The two vectors can’t be considered equal if they share the same size until each has the same direction.
5. Position Vector
Position vectors are a different kind of Vector where the origin point is regarded as 0, and the source point is an arbitrary point referred to as A within the space. The Vector called OA-> is referred to as the position vector, having the reference origin is 0. It is used to define the location of a point within the 3D dimension Cartesian system. It is determined by reference to any source.
6. Coplanar Vectors
Coplanar vectors are the kind of vectors that have three or more vectors located in the same plane or could be within the same parallel plane. The vectors are called coplanar vectors. There are chances of finding two random vectors within the same plane.
These are referred to as coplanar vectors. The second property of coplanar vectors is that the scalar triple product of three vectors. It is always zero. Coplanar vectors are in a linear dependence.
7. Like and Unlike Vectors
The Like Vectors are the kind of vectors with the same direction and are referred to as like vectors. The vectors with opposite directions, independent of one another, are referred to as Unlike Vectors.
8. Equal Vector
Equal vectors are the kind of vectors in which at least two or three vectors have the same size and identical directions.
9. Displacement Vectors
It is the kind of Vector that occurs when one Vector is moved away from its place; then, it is referred to by its name, displacement vector. For instance, if there’s an object at point A when time 0 and later after some time, it’s located at point B with time = t.

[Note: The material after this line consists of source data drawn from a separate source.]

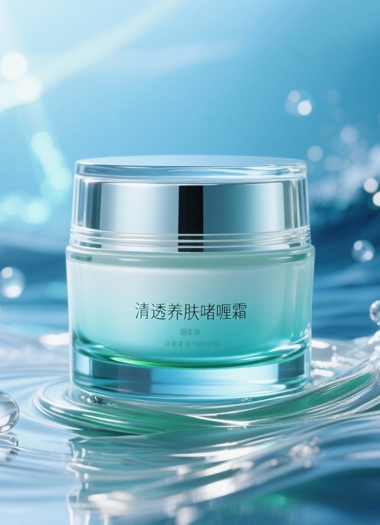 - **产品**:清透养肤啫喱霜 - **品牌名**:无 - **包装样式**:玻璃罐 - **设计风格**:轻奢自然海洋风 - **设计元素**:海洋波纹与光晕粒子,水滴与流动感纹理,底部层叠渐变,产品名字“清透养肤啫喱霜” - **主题配色**:海洋蓝(#5BC0EB),植萃绿(#7CC9A4),银白(#E8E8E8)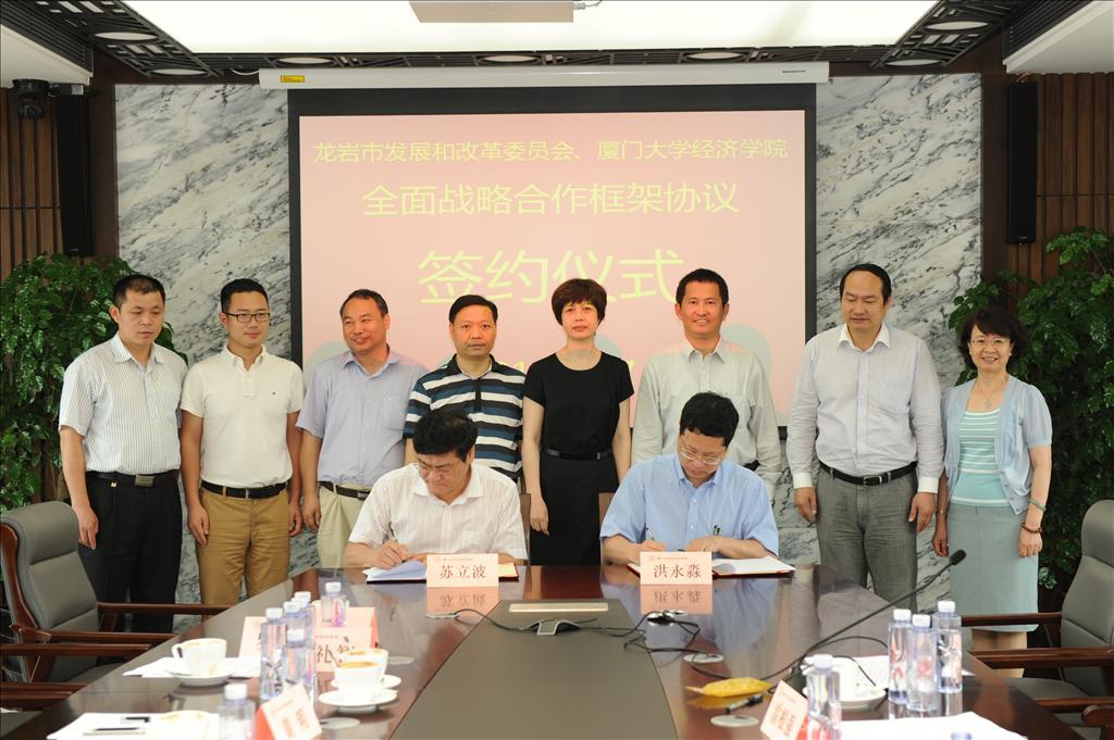 5月27日上午,bat365官网登录入口与龙岩市发展和改革委员会在经济楼N501室签署全面战略合作框架协议。bat365官网登录入口、王亚南经济研究院洪永淼教授与龙岩市发展和改革委员会党组副书记、副主任、调研员(主持工作)苏...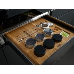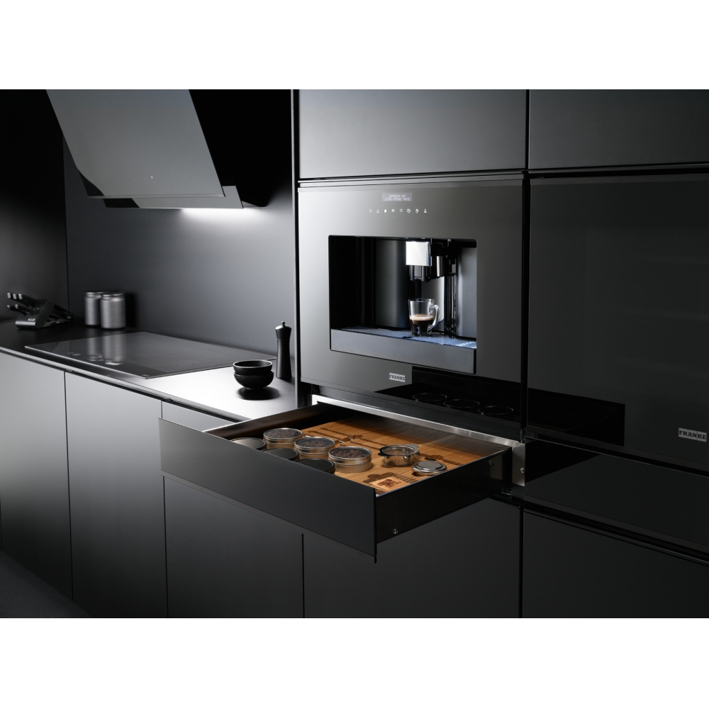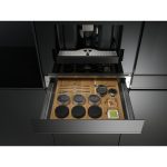 Il cassetto accessori per macchina da caffè FMY 14 CMD BK è completo di un set per latte art, un infusore per foglie di the, 3 contenitori per chicchi di caffè, 3 contenitori per foglie di the, cucchiaio dosatore e 2 comparti dedicati alle bustine monodose

The displacement can be defined by calculating the distance vector between the point at which the object was first positioned and its end-point.
10. Negative Vector
Negative vectors are the kind of vectors where two vectors have an equal amount of power. However, the direction of each Vector is opposite to one other. This kind of Vector is referred to as negative vectors.
Example
In the figure given illustrated below, identify these Vectors: Collinear, Equal and Coinitial.
Here’s the Solution: By definition, we know:
- Collinear vectors are when two or more vectors run parallel to the same line no matter their magnitudes and direction. Hence, in the given figure, the vectors prove to be collinear: a⃗ , c⃗ , and d⃗ .
- Regardless of their initial points, Equal vectors have the same direction and magnitudes. Hence, in the figure above, the a⃗ and c vectors are equal.
- Coinitial vectors mean that two or more vectors have the same initial point. So, in the figure above, the b⃗ , c⃗ , and d⃗ vectors are coinitial.
Conclusion
The vectors are mathematical concepts. There are multiple vectors like coplanar vectors, like and unlike vectors, collinear vectors, unit vectors, displacement vectors, and many more defined above. Don’t get confused while understanding these! The vectors can be described as the physical quantity having direction and magnitude.